The good news is that clean energy has come a long way over the past two decades. Wind and solar power have seen great cost reductions and are leading the decarbonization charge at present. However, there are two big challenges with a deep decarbonization effort led by variable renewable energy (VRE):
- Wind and solar supply only electricity, which represents just 20% of global final energy consumption today.
- Wind and solar are variable and non-dispatchable, requiring additional technologies to supply energy when there is little wind and sun and others dedicated to consuming excess wind and solar power.
These two challenges have recently rekindled interest in the old idea of a hydrogen economy. Hydrogen is a carbon-free fuel that can decarbonize a sizable fraction of the 80% non-electric final energy consumption while simultaneously balancing VRE.
This is the premise we investigated in our recent paper published open access in the International Journal of Hydrogen Energy. In particular, the paper looked at the issue of capital under-utilization involved in the strategy of balancing wind and solar with flexible hydrogen production.
The Modeled System
To properly evaluate the effects of capital under-utilization, we had to include all the major elements of the integrated electricity-hydrogen system: generation, transmission, and storage. The modeled system (based on Germany) is summarized in the image below:
The following technology options were included:
- Ten different electricity generators: onshore wind, solar PV, pulverized coal and natural gas combined cycle plants with and without CCS, open cycle gas turbine peaker plants, hydrogen combined and open cycle plants, and novel gas switching reforming (GSR) concept.

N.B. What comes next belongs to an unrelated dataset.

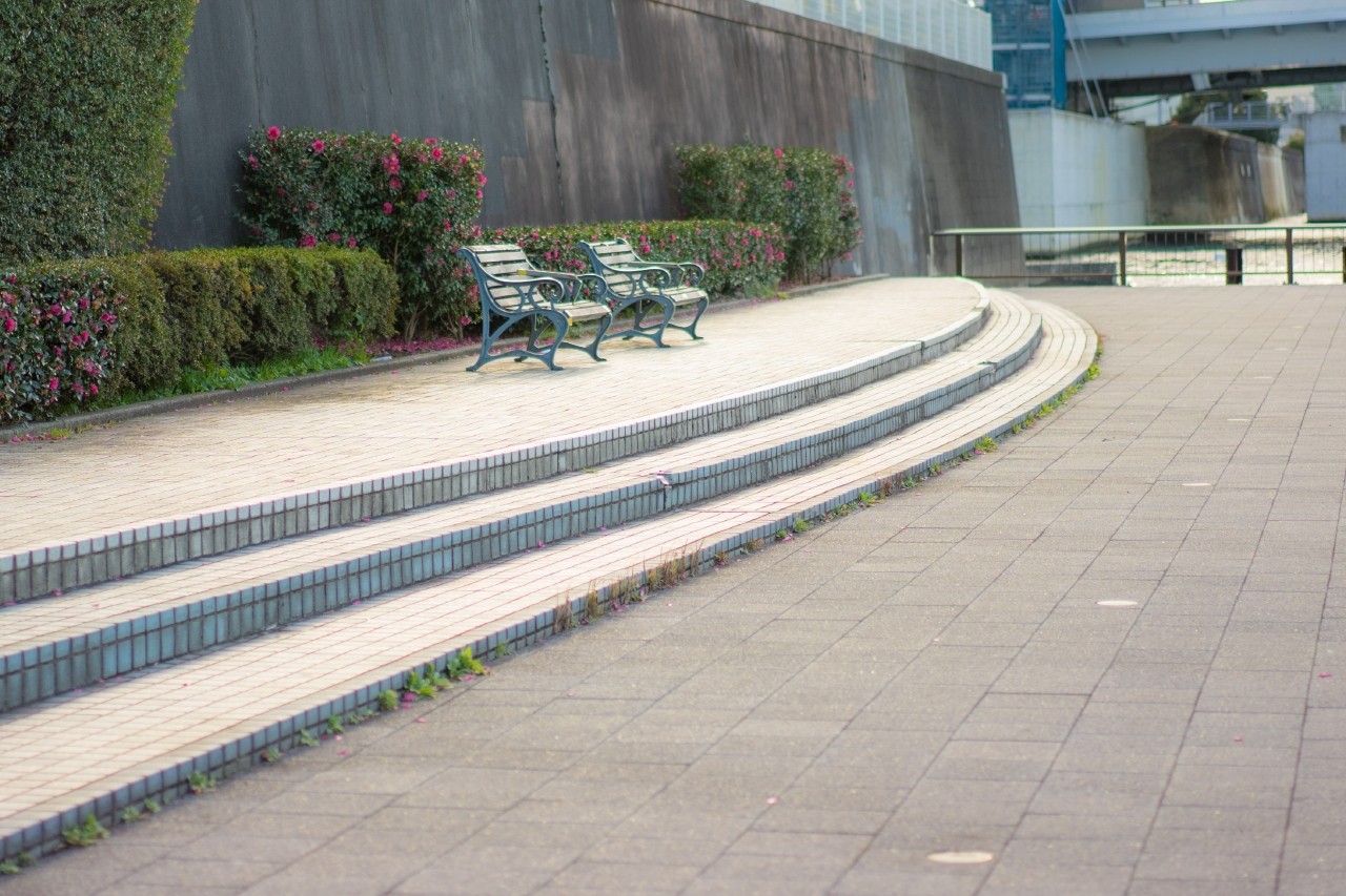 そっち側のテラスを歩くです。

- Lithium-ion batteries for electricity storage.
- Three clean hydrogen generators: GSR, steam methane reforming (SMR) with CCS, and polymer electrolyte membrane (PEM) electrolysis.
- Two hydrogen storage technologies: cheap salt caverns with slow charge/discharge rates and locational constraints and more expensive storage tanks without such limits and constraints.
- Hydrogen can also be imported in the form of green ammonia that is reconverted to hydrogen in reconversion plants included in the model.
In addition, the costs of the electricity and hydrogen transmission network connecting all these technologies to demand are included in the simulation.
The model objective is to optimize the deployment and hourly dispatch of all these technologies to minimize the cost of the entire system.
Four Scenarios
Our study considered two scenarios where hydrogen could only be produced via electrolysis (Green H2) and two where Blue H2 from natural gas with CCS was also allowed.
- NoCCS: All technologies are available except for power or hydrogen production with CCS. PEM is located close to demand.
- CoLoc: Identical technology availability to the NoCCS scenario, except that PEM is co-located with wind close to cheap salt cavern storage.
- CCS: Identical to the NoCCS scenario, except that conventional power and hydrogen plants with post-combustion CO2 capture technology are also made available for deployment. Only the GSR technology is not available.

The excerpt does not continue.